Four months ago, in the aftermath of the Harriet Miers disaster, the president made a surprise address in which he praised homeland security and international allies in thwarting at least ten alleged terrorist plots – including the aforementioned (yet not with so much detail) Library Tower. Bush’s vague proclamation prompted broad questioning (see Keith Olbermann’s fascinating “Nexus of Politics and Terror” piece). The L.A. Times was prompted to headline a co-authored article “Is Bush Making Up Plots to Bolster Support for the War in Iraq?”
While many are suspicious that Bush’s announcement this morning is to drum up support for his domestic surveillance program (only days after the not-so-satisfying testimony of Attorney General Alberto Gonzales), it almost reads as if he is attempting to “terrorize” American citizens themselves — I mean, don’t statements clarifying the continued threat of terrorist attacks on U.S. soil despite the absence of such attacks since 9/11 sound like propaganda coming from al-Qaeda themselves?
Am I supposed to grab the wheel tight and glance up at U.S. Bank Tower in fear every time I drive down the 110? Can I expect to see visitors to Gehry’s Disney Music Hall milling about the rejuvenated downtown with concerned looks of imminent doom as they approach the shadows of the 73-story tower?

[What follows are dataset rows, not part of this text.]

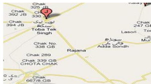
Fig 1 Map of Site of survey

ethnomedicinal knowledge about the wild plants of District Toba Tek Singh Pakistan.
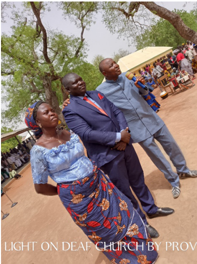
LIGHT ON DEAF CHURCH BY PROV
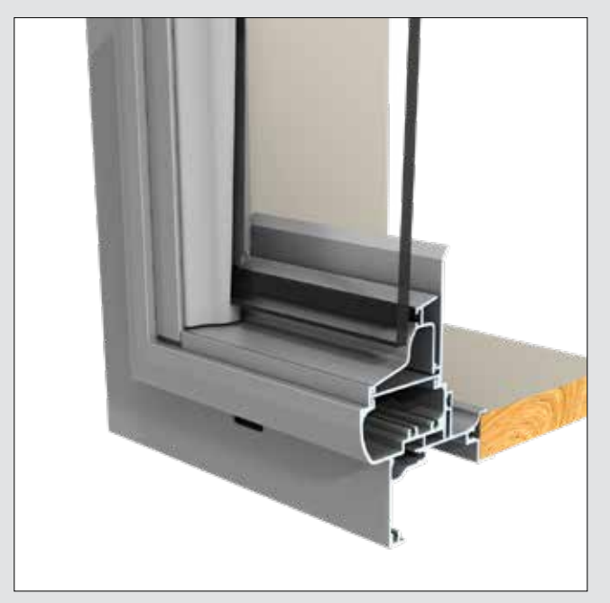
Louvre frame and bottom glass blade (with weather bar).
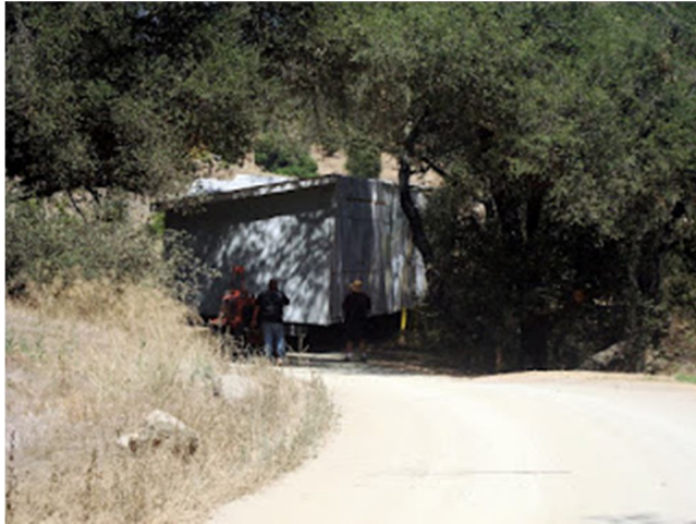
Winding through the oak trees.
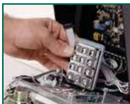
modular design makes installation and service easy
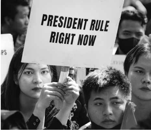
Tribal people of Manipur take part in a 'Tribal Solidarity protest' against the ongoing tension in the state, at Jantar Mantar, in New Delhi, on Wednesday

Restoration of peace and tranquillity will create conditions for normalising bilateral relations. In order to achieve this objective, in accordance with existing bilateral agreements and protocols, they agreed to hold next (19th) round of Senior Commander's meeting at an early date. The two sides agreed to continue discussions through military and diplomatic channels. PNS
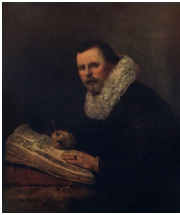
PORTRAIT OF A SAVANT
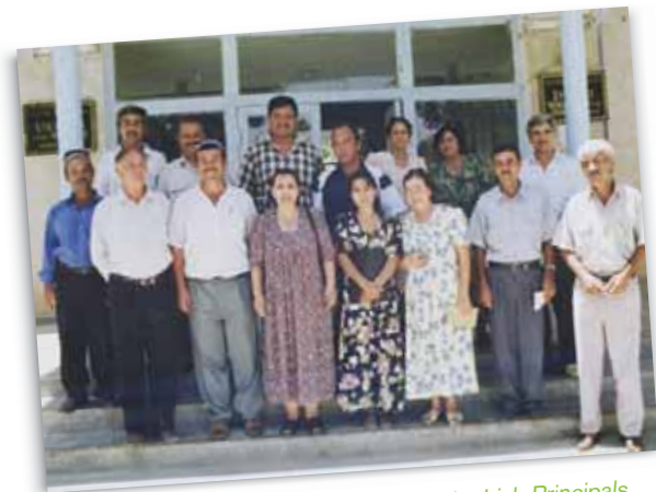
Tajik Principals attending workshops run by Irish Principals

There is a good reason this is headline news throughout the country. Americans must be reminded that there have been numerous terrorist attacks throughout the world at the hands of al-Qaeda, including, most recently, the 7/7 (7 July 2005) bombings on the London Underground. Furthermore, we should be reminded that terrorists aren’t all that stupid, and therefore, it would be completely foolish to believe that they would use the same strategy again (fly a plane into a big building) when mass terror can be inflicted in numerous ways — the easiest of which we are in no way prepared for.
It seems irrelevant, and shows great weakness to point out alleged terror targets and attributing the claims to a captured al-Qaeda captain, who we now know was interrogated under duress if not tortured underwater.
Why not alert us of our security soft-spots that need more funding to thwart potential attacks such as the Port of Los Angeles (Long Beach)? Or, should we be attacked there, will we once again hear that nobody could have predicted the bombing of the busiest large-container port in the nation?